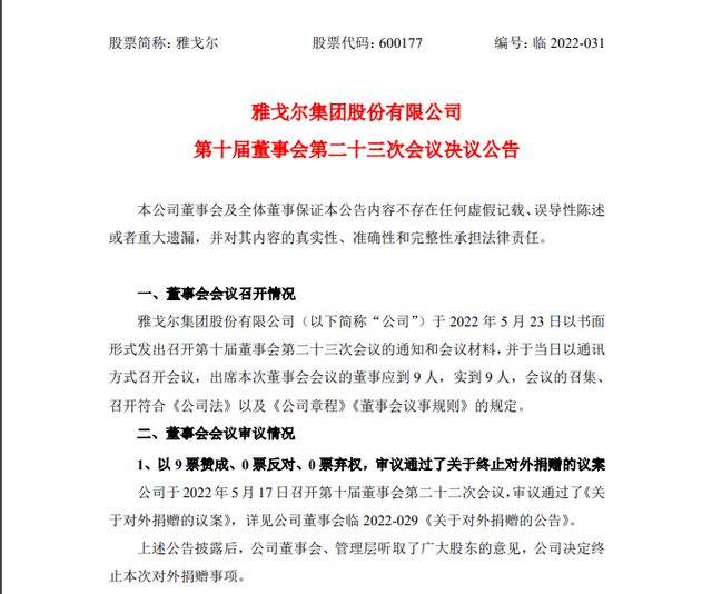 依据规定,捐赠事项尚需提交雅戈尔6月2日召开的2022 年第一次临时股东大会审议。不过,没等到股东大会举行,雅戈尔5月23日就再次公告表示,公司董事会、管理层听取了广大股东的意见,公司决定终止本次对外捐赠事项。
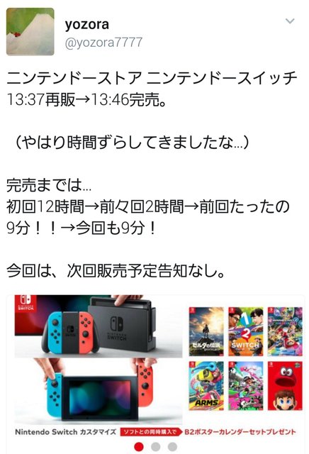 って言った後に任天堂のswitch増産が発表されたりしてるのな
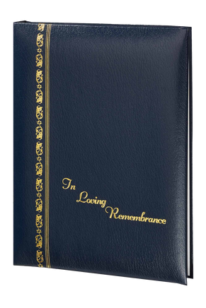 Our Royal Series Funeral Guest Book features a simple and classic design. “In Loving Remembrance” text and a scroll banner are stamped in gold foil. This Royal Series Funeral Guest Book is available in a multitude of colors – Black, Burgundy, Green, Navy Blue, White, and Brown.
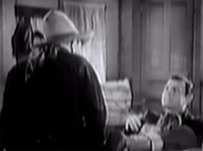 Above: Buck Jones bemusedly parleys with paranoid old-timer Clem Bevans (off-camera).
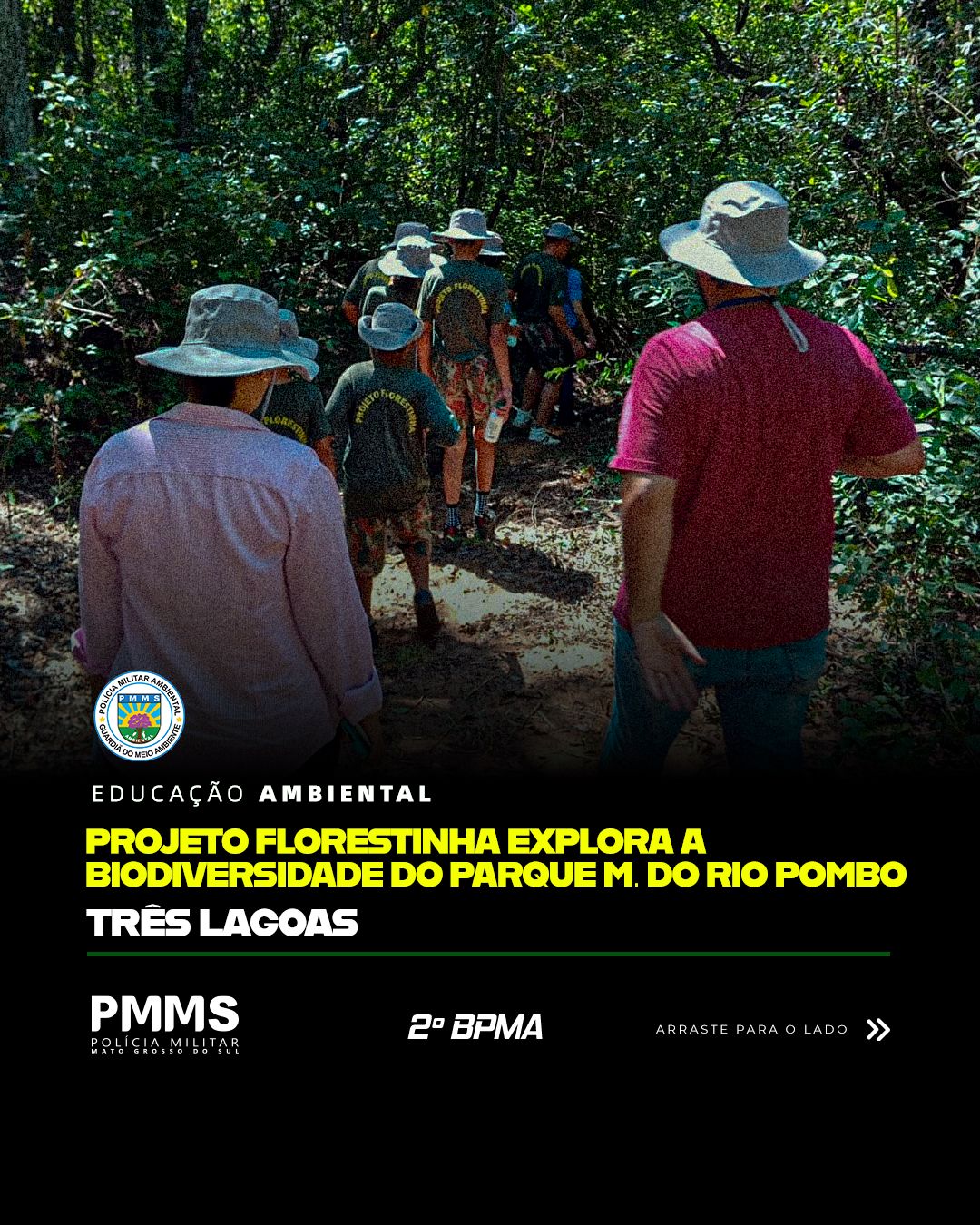 Em uma iniciativa de integração e conscientização, a PMA de Três Lagoas (3ª Cia/2º BPMA) realizou uma ação de educação ambiental no Parque Municipal do Rio Pombo. A atividade foi fruto de uma parceria com as Secretarias Municipais de Meio Ambiente e de Assistência Social, além do apoio do Projeto Tatu Canastra.

**EXERCISE OBJECTIVE:** Please reproduce the listing exactly from its opening line through the line that contains "Above: Buck Jones", both included, with all pictures omitted.

**RESPONSE TO THE EXERCISE:**
 依据规定,捐赠事项尚需提交雅戈尔6月2日召开的2022 年第一次临时股东大会审议。不过,没等到股东大会举行,雅戈尔5月23日就再次公告表示,公司董事会、管理层听取了广大股东的意见,公司决定终止本次对外捐赠事项。
 って言った後に任天堂のswitch増産が発表されたりしてるのな
 Our Royal Series Funeral Guest Book features a simple and classic design. “In Loving Remembrance” text and a scroll banner are stamped in gold foil. This Royal Series Funeral Guest Book is available in a multitude of colors – Black, Burgundy, Green, Navy Blue, White, and Brown.
 Above: Buck Jones bemusedly parleys with paranoid old-timer Clem Bevans (off-camera).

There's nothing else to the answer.